- _Given data_
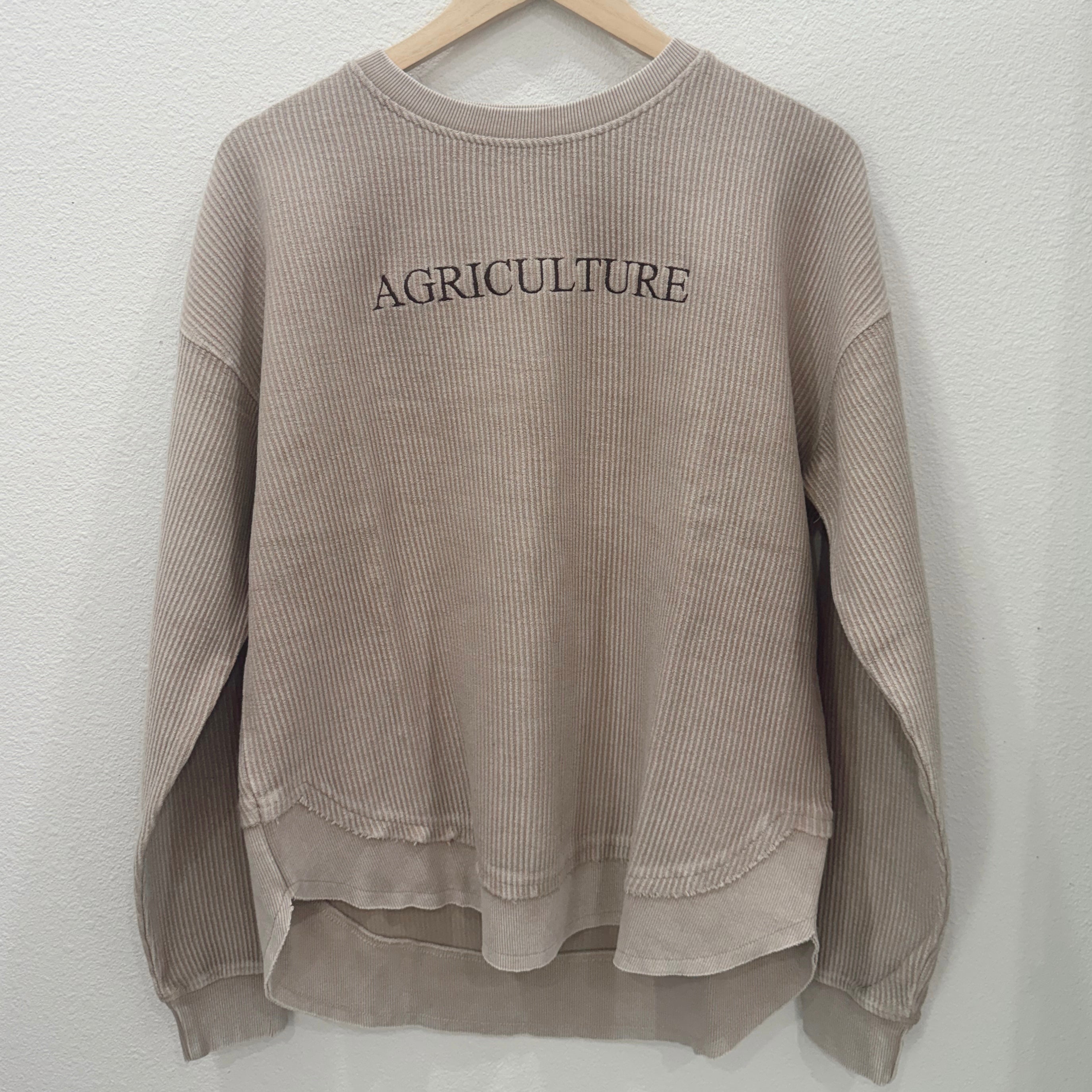 *ROUND BOTTOM* Tan Agriculture Corded Crewneck – Wandering Maverick Boutique
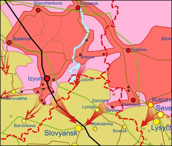 The second hard push seems to be south of Izium. UAF reports said RF formations attacked or fired lots of artillery in the direction of the villages Suligovka and Dibrivne, but did not advance south from there. Along with the JominiaAtWar map I’ve attached two close-ups of the Severodonetsk and Izium sectors, so hopefully that’s enough graphics to make understandable all the place names and directions.
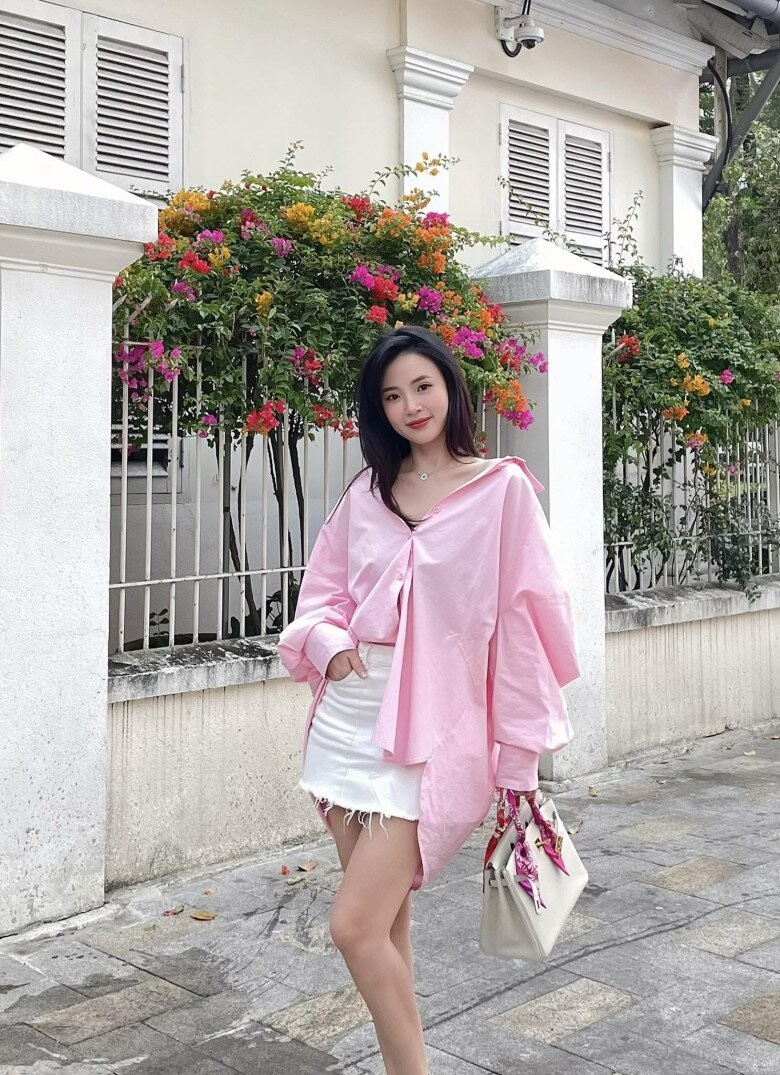 “Dâu hào môn” Midu gây chú ý với phong cách trẻ trung pha chút ngọt ngào khi diện áo sơ mi hồng cùng chân váy bò ngắn, đồng thời chia sẻ: "Đủ nắng hoa sẽ nở. Đời không cần rực rỡ. Chỉ cần thật bình an".
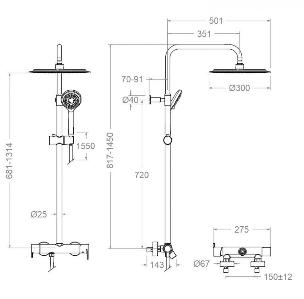 Blautherm, columna de ducha telescópica monomando cromada rociador Ø240mm
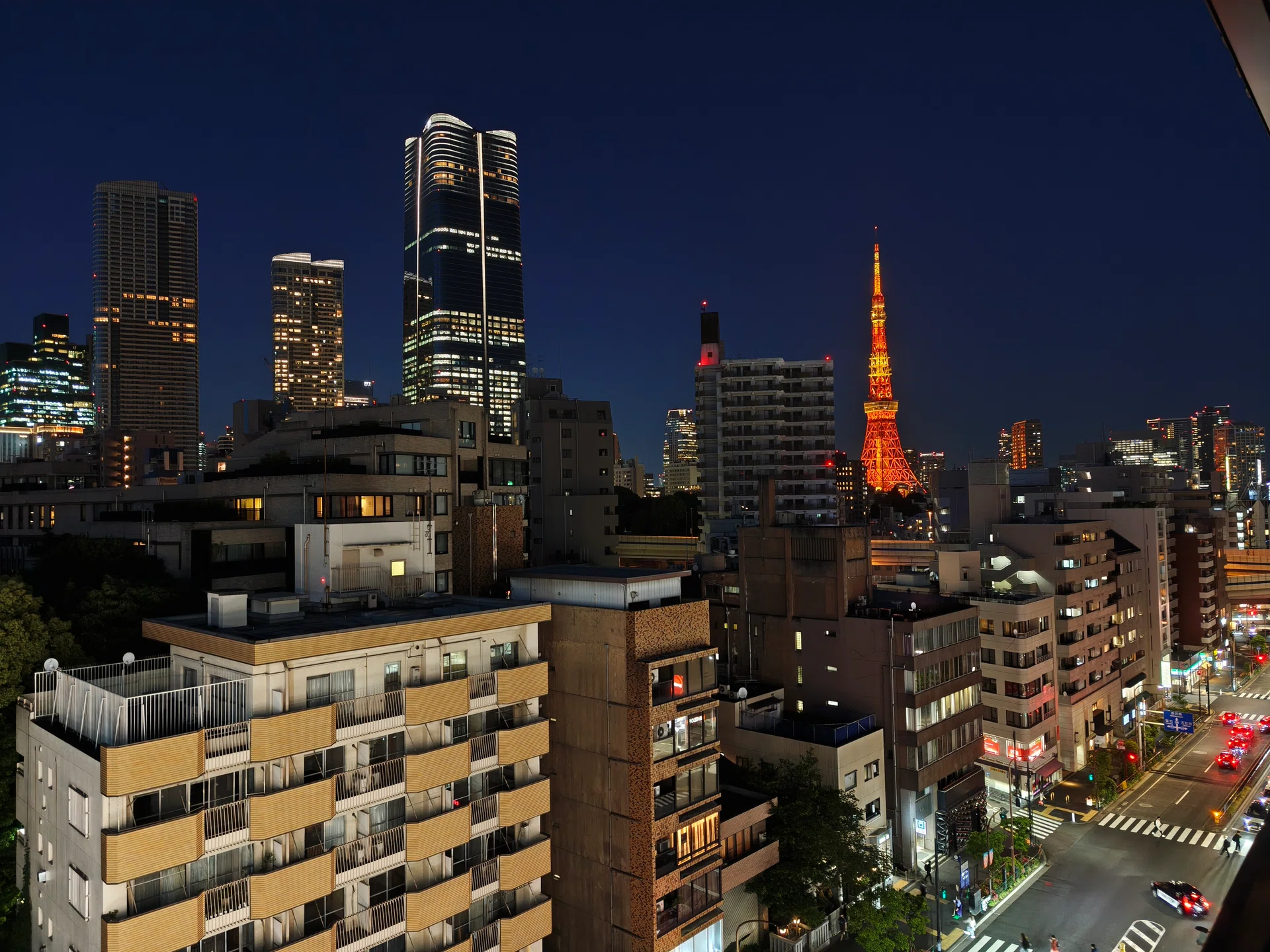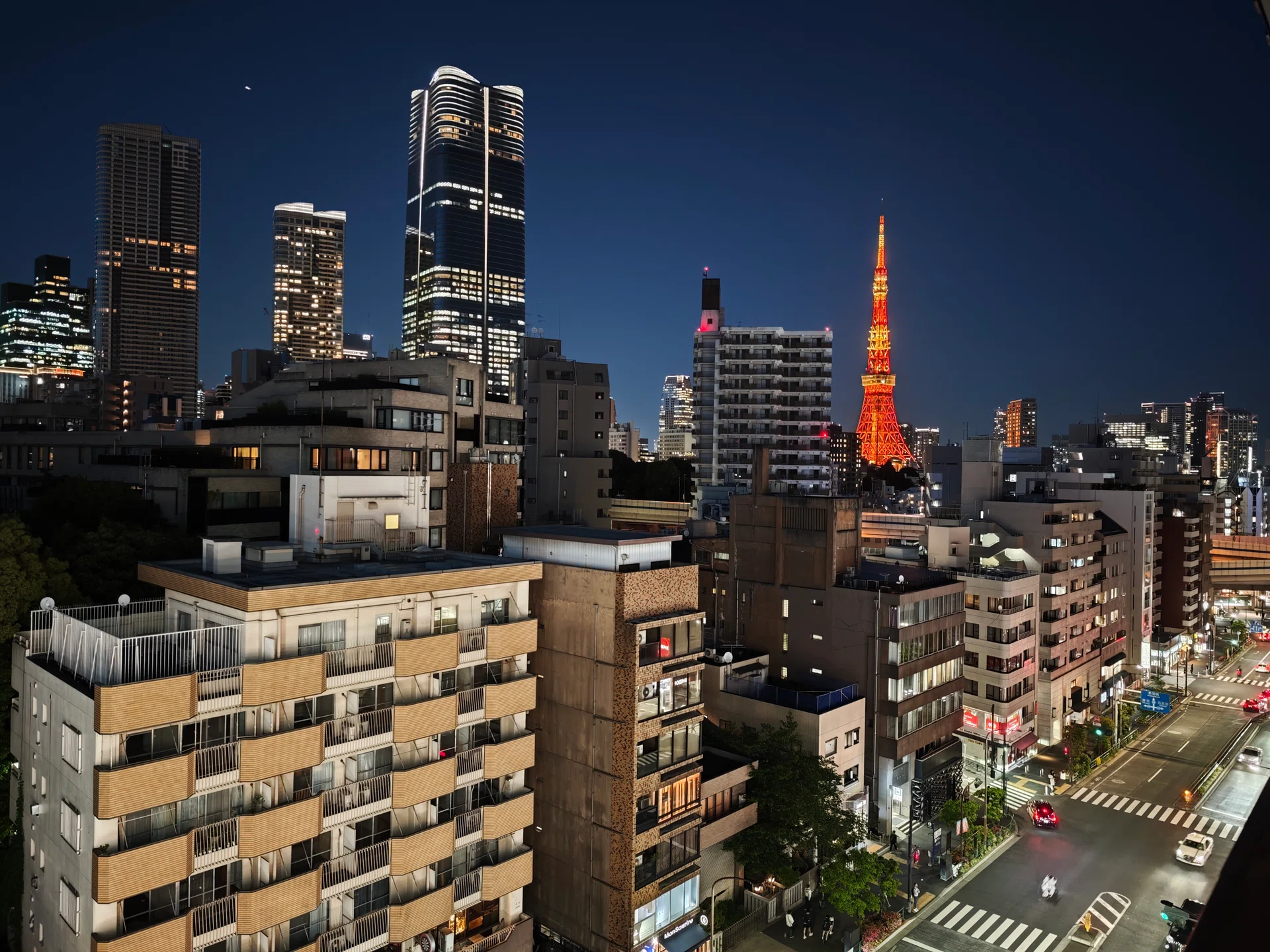The colours are accurate, with the Tokyo Tower appearing accurately orange. If you zoom in and look down to the street, you can see the distinct FamilyMart colours (green, white and blue) in the illuminated sign and around the building.
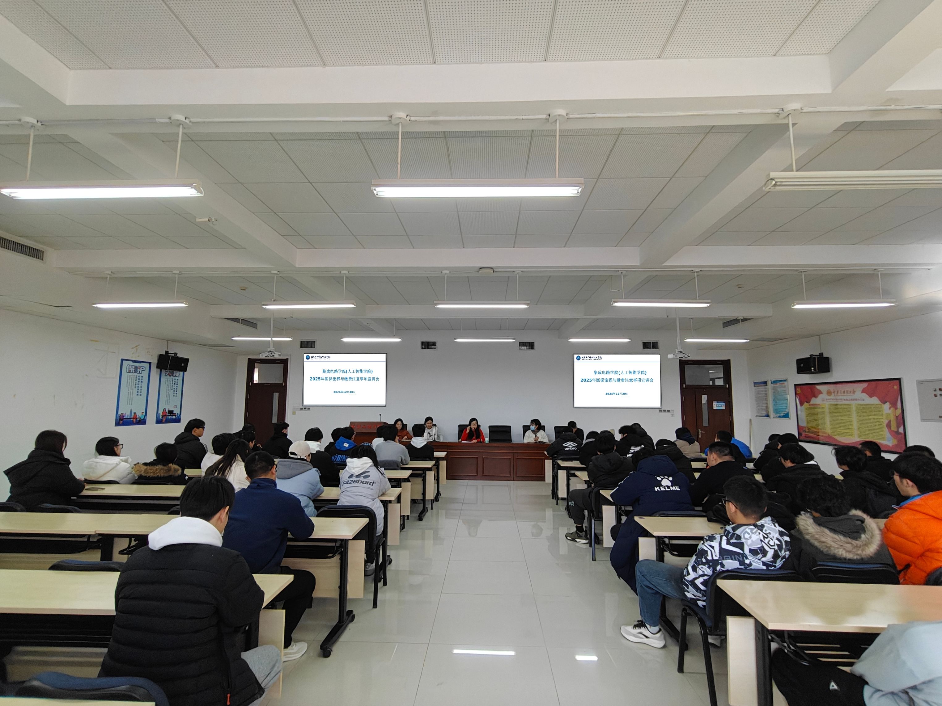 在讲解医保缴费流程时,宋媛媛特别强调了缴费的时间节点、缴费方式以及缴费后需要确认的事项,确保每位学生在规定时间内顺利完成缴费,避免因操作不当而影响医保待遇的享受。同时,她还针对往年缴费过程中出现的常见问题,给出了详细的解决方案和建议,避免学生在缴费过程中遇到的困惑和麻烦。
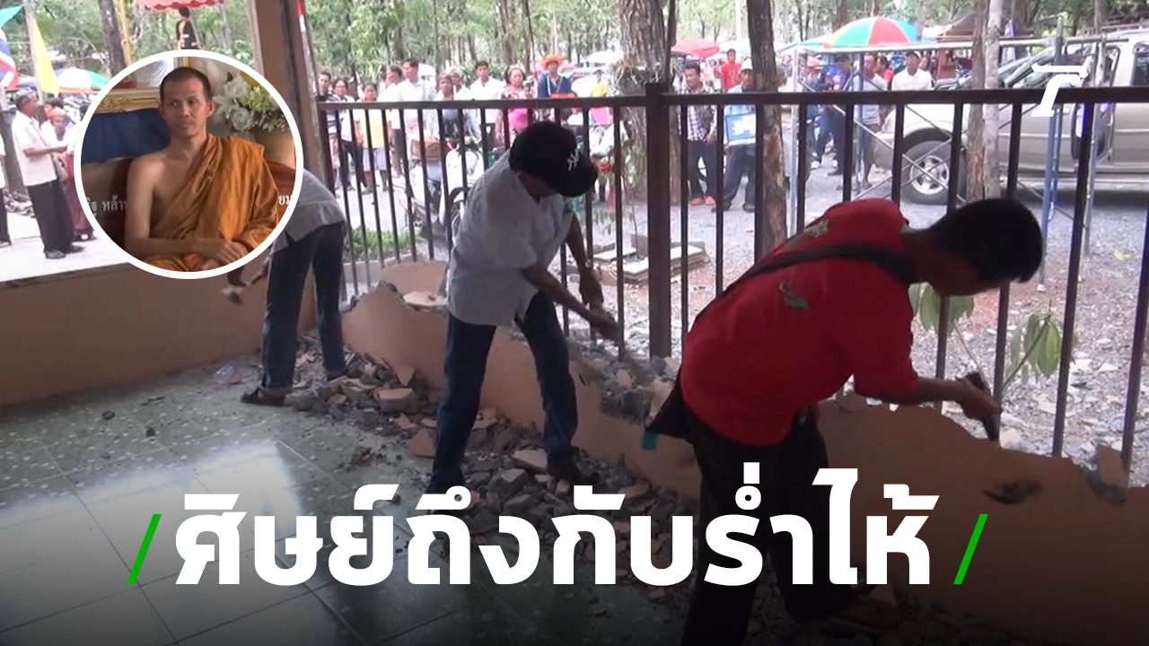 โดยหลังจากทำพิธีขอขมาเสร็จ พระอาจารย์ชัยชนะ ก็ให้บรรดาลูกศิษย์และชาวบ้านช่วยกันทุบทำลายอาคาร สิ่งปลูกสร้างต่างๆ ภายในวัด โดยใช้ค้อนปอนด์ทุบผนังคอนกรีตของตัวอาคาร โดยมีศิษยานุศิษย์พากันสวดมนต์แผ่เมตตาและขอขมาสิ่งศักดิ์สิทธิ์ตลอดขณะทำการรื้อถอน บางคนก็ถึงกับกลั้นน้ำตาไว้ไม่อยู่ เนื่องจากพาครอบครัวมาทำบุญที่ศูนย์ปฏิบัติธรรมแห่งนี้เป็นประจำนานหลายปี
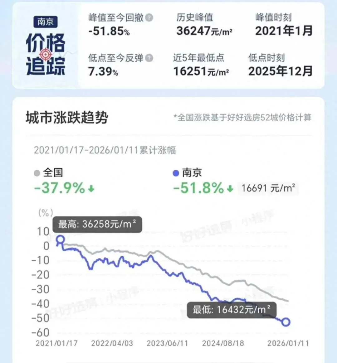 为什么会轮到南京站出来,在这点上特地把这几年的数据整理出来看了看,如果从2021年最高点开始算,南京整体房价已经跌了51.8%,而全国平均跌幅只在37.9%左右,相当于南京比全国多跌了14个点,说得直白一点,之前那几年骂南京房价虚高的人,现在多多少少也得承认,南京这两年已经跌到有点脱离实际价值的程度,房子本身并没有烂在那,地铁线路还在照常运行,人也没有大规模流失,只是情绪被压得太狠,一旦手稍微一松,就会出现一波回弹,这种走势其实就是典型的跌过头之后的自我修复,

- _Your objective_
Print the listing above in full, exactly as written. Omit any pictures.

- _Answer section_
 *ROUND BOTTOM* Tan Agriculture Corded Crewneck – Wandering Maverick Boutique
 The second hard push seems to be south of Izium. UAF reports said RF formations attacked or fired lots of artillery in the direction of the villages Suligovka and Dibrivne, but did not advance south from there. Along with the JominiaAtWar map I’ve attached two close-ups of the Severodonetsk and Izium sectors, so hopefully that’s enough graphics to make understandable all the place names and directions.
 “Dâu hào môn” Midu gây chú ý với phong cách trẻ trung pha chút ngọt ngào khi diện áo sơ mi hồng cùng chân váy bò ngắn, đồng thời chia sẻ: "Đủ nắng hoa sẽ nở. Đời không cần rực rỡ. Chỉ cần thật bình an".
 Blautherm, columna de ducha telescópica monomando cromada rociador Ø240mm
The colours are accurate, with the Tokyo Tower appearing accurately orange. If you zoom in and look down to the street, you can see the distinct FamilyMart colours (green, white and blue) in the illuminated sign and around the building.
 在讲解医保缴费流程时,宋媛媛特别强调了缴费的时间节点、缴费方式以及缴费后需要确认的事项,确保每位学生在规定时间内顺利完成缴费,避免因操作不当而影响医保待遇的享受。同时,她还针对往年缴费过程中出现的常见问题,给出了详细的解决方案和建议,避免学生在缴费过程中遇到的困惑和麻烦。
 โดยหลังจากทำพิธีขอขมาเสร็จ พระอาจารย์ชัยชนะ ก็ให้บรรดาลูกศิษย์และชาวบ้านช่วยกันทุบทำลายอาคาร สิ่งปลูกสร้างต่างๆ ภายในวัด โดยใช้ค้อนปอนด์ทุบผนังคอนกรีตของตัวอาคาร โดยมีศิษยานุศิษย์พากันสวดมนต์แผ่เมตตาและขอขมาสิ่งศักดิ์สิทธิ์ตลอดขณะทำการรื้อถอน บางคนก็ถึงกับกลั้นน้ำตาไว้ไม่อยู่ เนื่องจากพาครอบครัวมาทำบุญที่ศูนย์ปฏิบัติธรรมแห่งนี้เป็นประจำนานหลายปี
 为什么会轮到南京站出来,在这点上特地把这几年的数据整理出来看了看,如果从2021年最高点开始算,南京整体房价已经跌了51.8%,而全国平均跌幅只在37.9%左右,相当于南京比全国多跌了14个点,说得直白一点,之前那几年骂南京房价虚高的人,现在多多少少也得承认,南京这两年已经跌到有点脱离实际价值的程度,房子本身并没有烂在那,地铁线路还在照常运行,人也没有大规模流失,只是情绪被压得太狠,一旦手稍微一松,就会出现一波回弹,这种走势其实就是典型的跌过头之后的自我修复,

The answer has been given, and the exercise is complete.